«Celui qui n’est pas contre nous est pour nous» (Mc 9, 38-43.45.47-48
L’un des Douze rapporte à Jésus qu’ils ont vu quelqu’un expulser les démons en son nom sans être de ceux qui les suivent. La première réaction des disciples a été d’empêcher cette personne de faire du bien et de guérir au nom de Jésus. Ils agissent comme des propriétaires du pouvoir divin. Ce réflexe demeure une tentation constante pour l’Église et ses responsables: «comment peuvent-ils faire avancer le Royaume, ceux-là qui ne pensent pas comme nous, qui sont différents de nous et qui en plus ne nous suivent pas?» Les disciples utilisent ici le «nous» en s’appropriant le nom de Jésus.

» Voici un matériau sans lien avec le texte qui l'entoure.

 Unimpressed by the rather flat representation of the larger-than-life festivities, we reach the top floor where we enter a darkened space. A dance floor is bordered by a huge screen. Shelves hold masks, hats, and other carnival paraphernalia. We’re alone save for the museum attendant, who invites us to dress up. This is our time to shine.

La réponse de Jésus ne devrait pas nous surprendre. Déjà, il avait invité ses disciples à accueillir le Royaume et sa personne avec un cœur d’enfant, signifiant l’humilité nécessaire pour y accéder. Maintenant, il les exhorte à n'exclure personne et à éviter tout esprit sectaire. Le Royaume, comme le pouvoir divin, ne connaît pas nos limites humaines. L’Église le reconnaît lorsqu’elle se présente comme «signe» ou «instrument» de salut, mais pas comme la «source» du salut, qui n’est jamais ailleurs que dans la personne du Christ. Celui-ci agit en elle, par elle et à travers elle, mais rien ne l’empêche d’agir en dehors d’elle.

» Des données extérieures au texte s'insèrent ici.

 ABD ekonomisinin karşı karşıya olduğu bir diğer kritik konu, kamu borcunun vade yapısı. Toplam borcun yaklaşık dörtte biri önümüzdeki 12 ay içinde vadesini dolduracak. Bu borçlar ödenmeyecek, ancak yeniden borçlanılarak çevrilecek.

Le pouvoir divin, qui inclut celui de chasser les démons, quelles que soient leurs formes (mal, souffrance, pauvreté, injustice, etc.), ne se limite pas au sanctuaire de nos communautés et de nos églises. Tout comme le Royaume dépasse les frontières visibles du christianisme, l’Esprit agit là où il veut, et comme il veut. Le mieux que nous pouvons faire, c’est de nous réjouir que sa puissance puisse surgir à tout moment, là où nous ne sommes même pas toujours en mesure d’aller. Et surtout, n’essayons pas d’en récupérer les fruits, car ils appartiennent au seul Maître de la Vigne qui en dispose selon son bon gré. Notre Dieu n’a pas épuisé sa capacité de surprendre son peuple!
Illustration. «La Création d’Adam» (détail), fresque réalisée par Michel-Ange entre 1508 et 1512, chapelle Sixtine, Rome.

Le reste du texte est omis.